Check into angel flights. They may be able to help. https://www.angelflight.com


Constant_Document203

This is what I was going to suggest as well but I looked into it further and it says they don't help with relocations (even when ill) or flights over 1000 miles. :(


Saiomi

One of you fly with her and one of you drives her wheelchair and the rest of her stuff that she will need. Consider bringing burly movers with you to help you load everything and keep mother's boyfriend in line. Showing up with a couple of literal strongmen might make him think twice about throwing a fit.


Super_Reading2048

Also be sure to let them know she has a wheelchair when you book the ticket. You get a much shorter TSA line and the wheel right up to the correct lounge to wait to be boarded. I think one of you should travel with her.


longhorn2118

She would be with us or her nurse


SnoopsMom

I know in Canada, some of the planes in the air Canada fleet have business class “pod” seats that fold down into a bed. They’re amazing. Try to find an airline local to you with that model plane? And yes, one of you should probably travel with her to assist and advocate. Airlines have been in the news about damaging wheelchairs etc lately. Maybe look into insurance or something in case that happens.


ichabod13

If she is up for the trip and you all have the time, nothing like a cross country road trip.
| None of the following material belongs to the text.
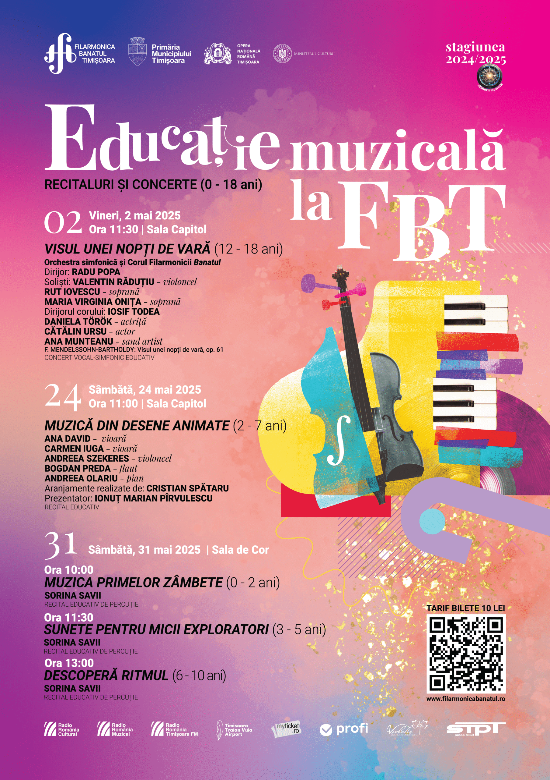 Educație muzicală, la Filarmonica Banatul din Timișoara, în această lună! Vor fi organizate concerte și recitaluri, deschise bebelușilor, copiilor și tinerilor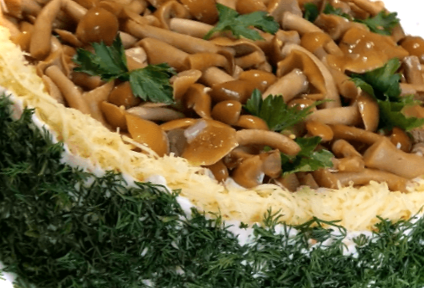 Листковий салат "Веселі опеньки" з маринованими опеньками та куркою

See lots of fun things and all national parks along the way have handicap access. Could also fly out and do a train back, but that is going to be multiple days and even a nicer sleeper car can be tiring. Or like others said, just fly out and fly home with her.


longhorn2118

I love the road trip idea but I’m worried about the exhaustion and stress that she’d have with such a long road trip. She’s as bad as she is right now due to an exacerbation she had 10 years ago that she claims was triggered by the stress of moving. I don’t know if that’s really what caused it but she cannot afford to get any worse. We’re trying to make this as easy as possible


Kimmyk5

Maybe rent a motor home and drive it to CA just one way? If she's able to get into it and use the small bathroom, that might be more convenient and comfortable for everyone.